Exercise instructions: Which lines belong in your copy? Those from the start of the data through the line with "An absolutely stunning", exactly as written, without any pictures.

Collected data

%%

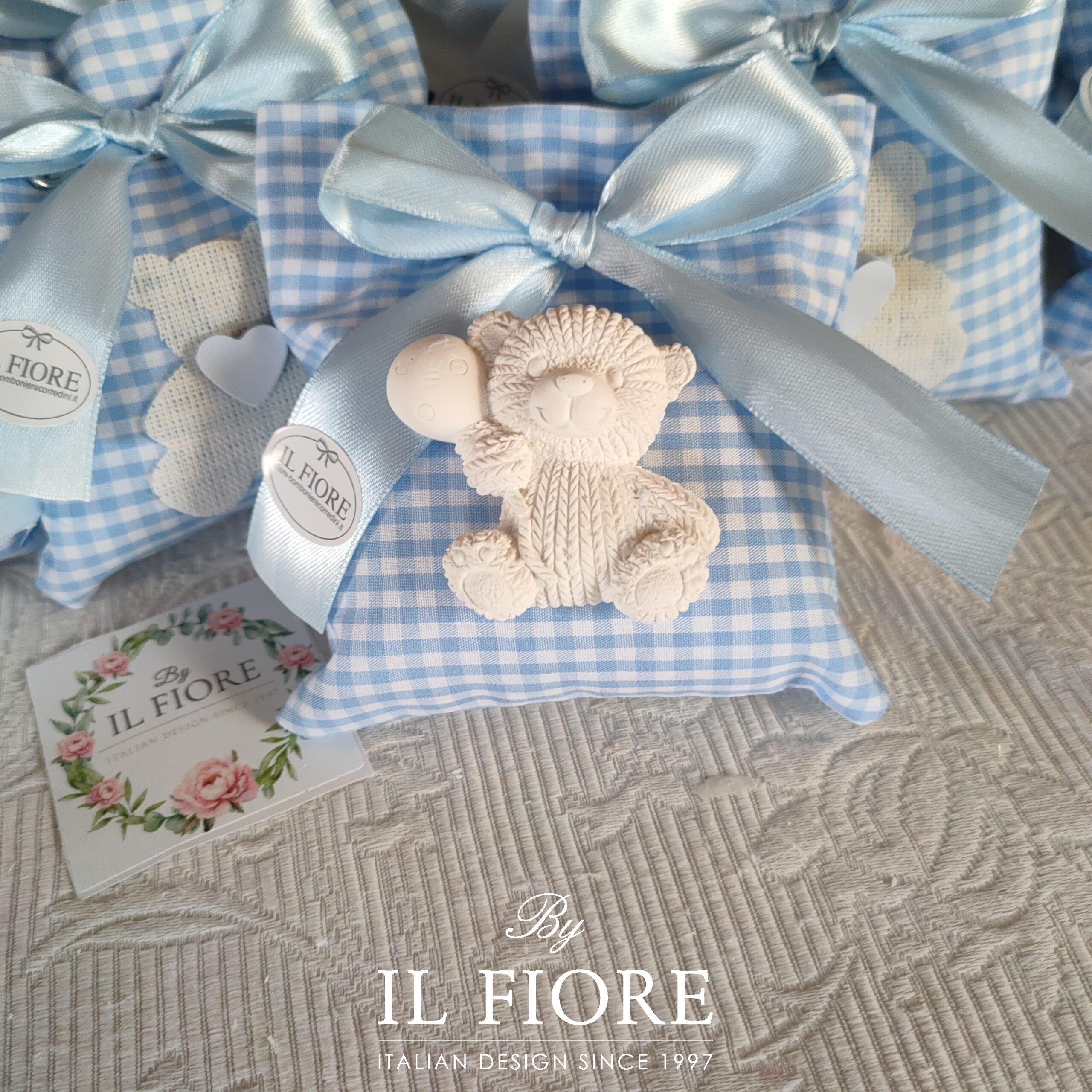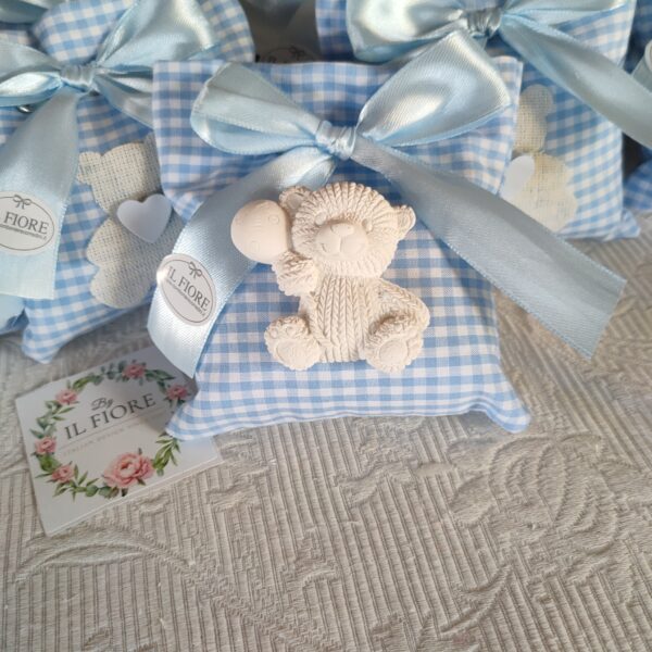 Bomboniera per Battesimo sacchetto a quadretti con orsetto in gesso con palloncino.
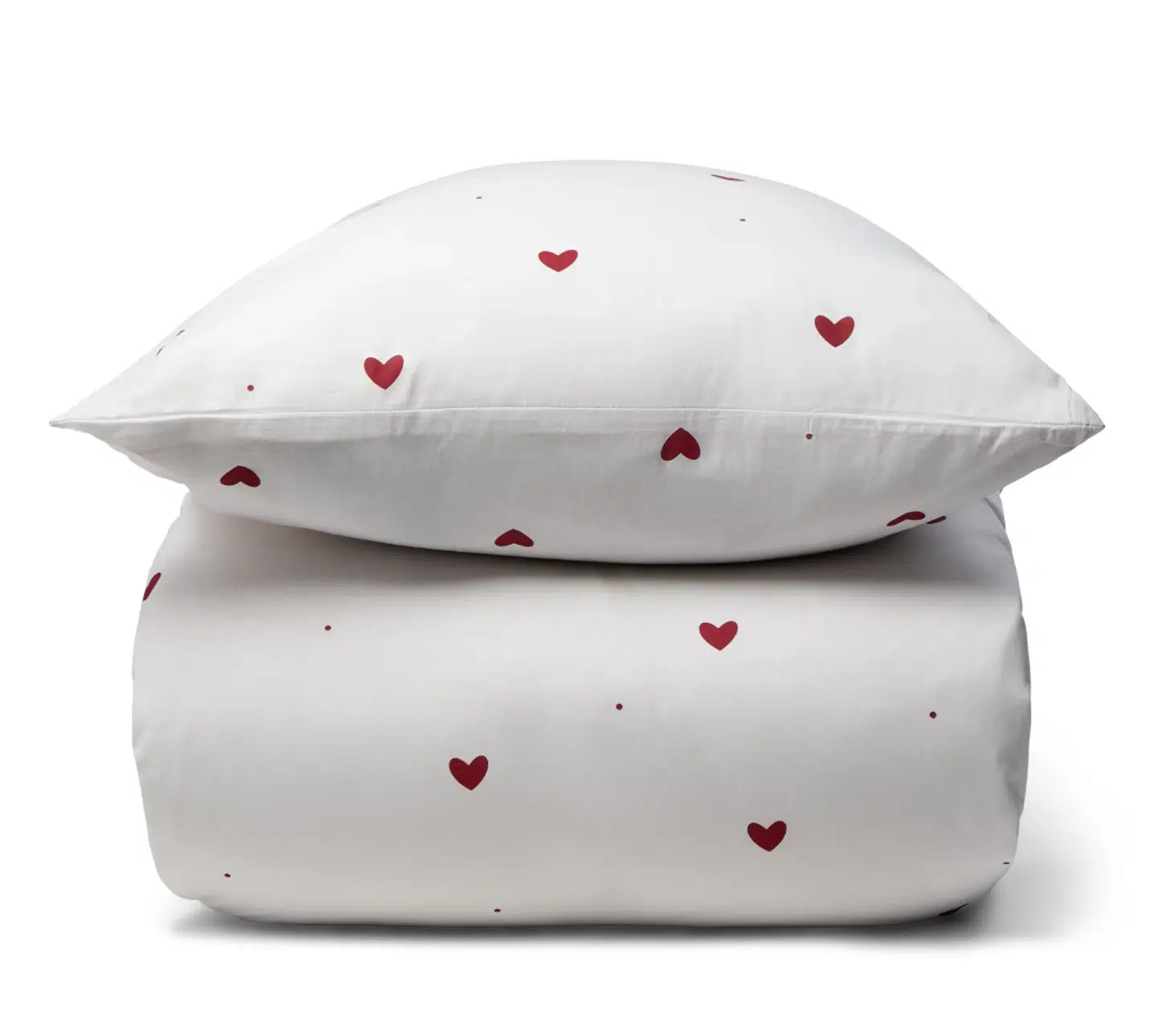 Hvidt sengetøj med røde hjerter i 100% bomuld - spar 60 %
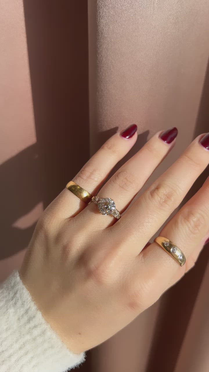 An absolutely stunning diamond in our favorite hue that has just a hint of a peachy color to it. This diamond has beautiful proportions that create an intense sparkle and so much life. We chose Paloma for this beautiful stone because we needed a setting that rivaled the stone's beauty! We love how Petra plays with different shapes and has beautiful details in every nook and cranny.
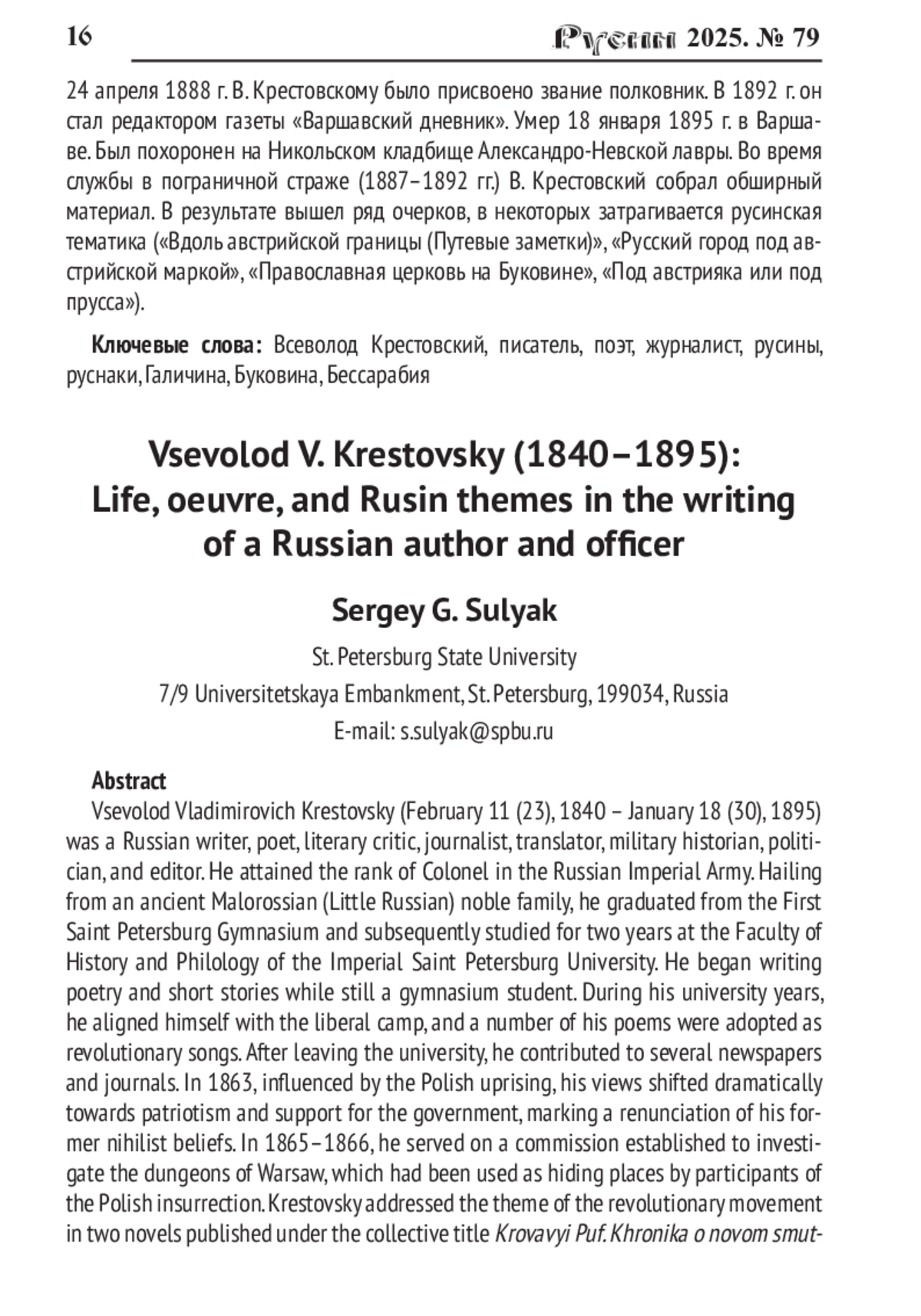 Всеволод Владимирович Крестовский (11 (23).02.1840-18 (30).01.1895) - русский писатель, поэт, литературный критик, журналист, переводчик, военный историк, политик, редактор. Полковник Русской императорской армии. Происходил из старинного малороссийского дворянского рода. Закончил 1-ю Петербургскую гимназию. Отучился два года на историко-филологическом факультете Императорского Санкт-Петербургского университета. Писать стихи и рассказы начал ещё в гимназии. В студенческие годы примкнул к либеральному лагерю. Некоторые его стихотворения стали революционными песнями. Покинув университет, сотрудничал в ряде газет и журналов. В 1863 г. под влиянием Польского восстания перешёл в патриотический проправительственный лагерь, отказавшись от нигилистических воззрений. В 1865-1866 гг. он стал членом комиссии, учреждённой для исследования подземелий Варшавы. В них скрывались участники польского мятежа. Теме революционного движения посвятил два романа, вышедшие под общим названием «Кровавый пуф. Хроника о новом смутном времени Государства Российского» (Т. 1-4. СПб., 1875). В 1858 г. у Крестовского родился замысел написать роман «Петербургские трущобы». Роман публиковался в «Отечественных записках» в 1864-1866 гг. Отдельным изданием вышел в 1867 г. Роман имел огромный успех. В 1868 г. писатель поступает унтер-офицером в 14-й уланский Ямбурский полк. Создает ряд произведений на военно-историческую тематику. Участвует в Русско-турецкой войне 1876-1877 гг. Пишет трилогию «Тьма египетская», «Тамара Бендавид» и «Торжество Ваала», которая публиковалась в «Русском вестнике» в 1881-1891 гг. В третьей, неоконченной части «Торжество Ваала» содержится пророческое предостережение о том, что противники самодержавия меняют тактику и вместо «хождения в народ» начинают «идти в правительство». 24 апреля 1888 г. В. Крестовскому было присвоено звание полковник. В 1892 г. он стал редактором газеты «Варшавский дневник». Умер 18 января 1895 г. в Варшаве. Был похоронен на Никольском кладбище Александро-Невской лавры. Во время службы в пограничной страже (1887-1892 гг.) В. Крестовский собрал обширный материал. В результате вышел ряд очерков, в некоторых затрагивается русинская тематика («Вдоль австрийской границы (Путевые заметки)», «Русский город под австрийской маркой», «Православная церковь на Буковине», «Под австрияка или под прусса»).
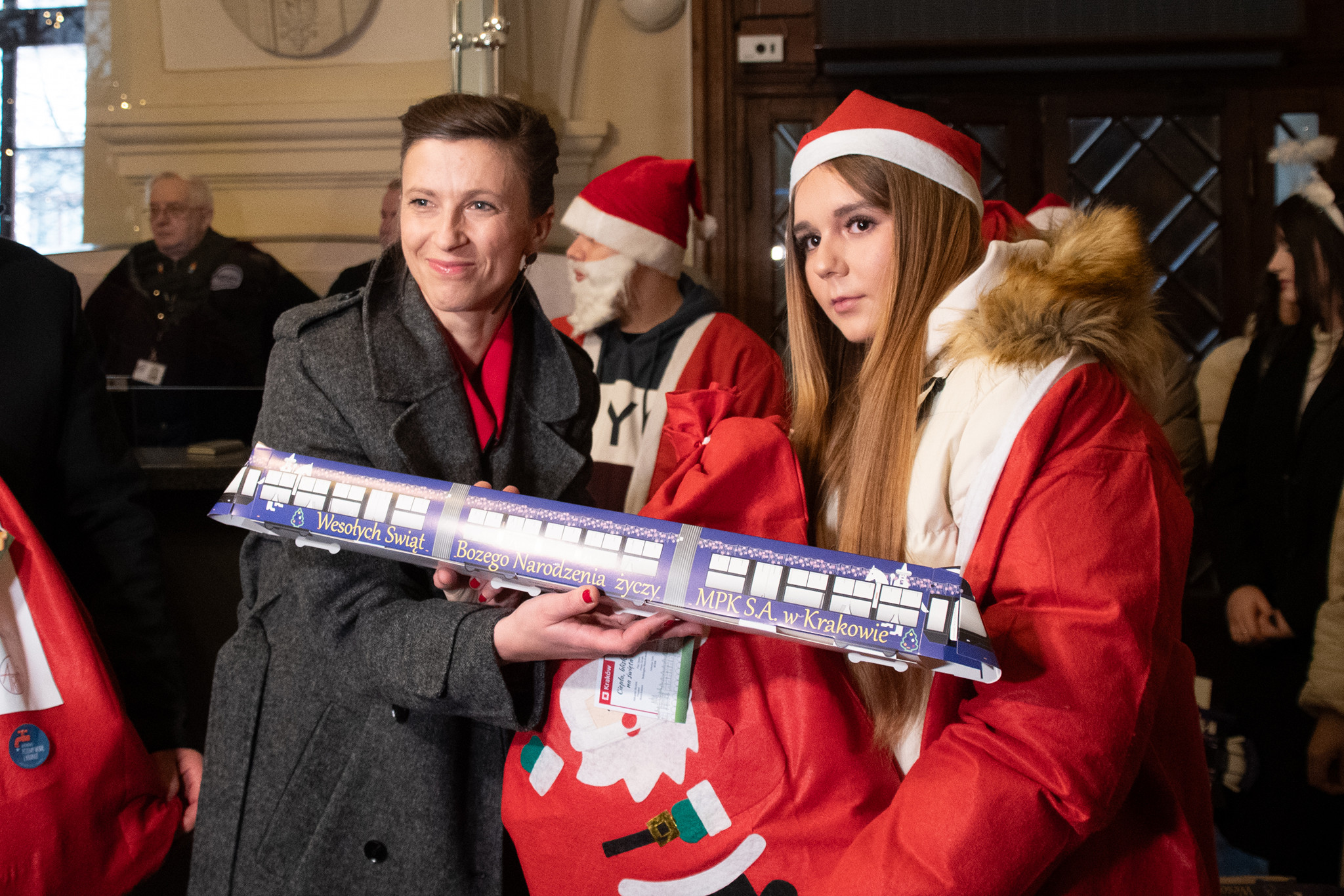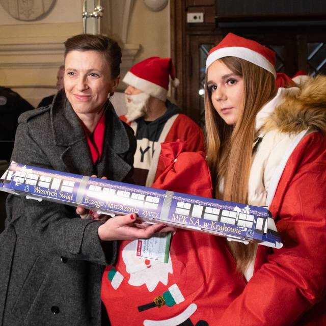 W sobotę, 6 grudnia świąteczny tramwaj MPK najpierw zawiózł prezenty dla chorych dzieci, które w tym dniu były w szpitalu im. S. Żeromskiego. 150 Mikołajek i Mikołajów odebrało prezenty w Urzędzie Miasta Krakowa od Marii Klaman, zastępczyni prezydenta Krakowa i razem z nią pojechało świątecznym tramwajem MPK do szpitala im. S. Żeromskiego. Tam zastępczyni prezydenta razem z Mikołajami przekazała prezenty chorym dzieciom. Liczba Mikołajów nie była przypadkowa - było ich 150, bo tyle lat liczy w tym roku krakowska komunikacja miejska.

%%

Result below:
 Bomboniera per Battesimo sacchetto a quadretti con orsetto in gesso con palloncino.
 Hvidt sengetøj med røde hjerter i 100% bomuld - spar 60 %
 An absolutely stunning diamond in our favorite hue that has just a hint of a peachy color to it. This diamond has beautiful proportions that create an intense sparkle and so much life. We chose Paloma for this beautiful stone because we needed a setting that rivaled the stone's beauty! We love how Petra plays with different shapes and has beautiful details in every nook and cranny.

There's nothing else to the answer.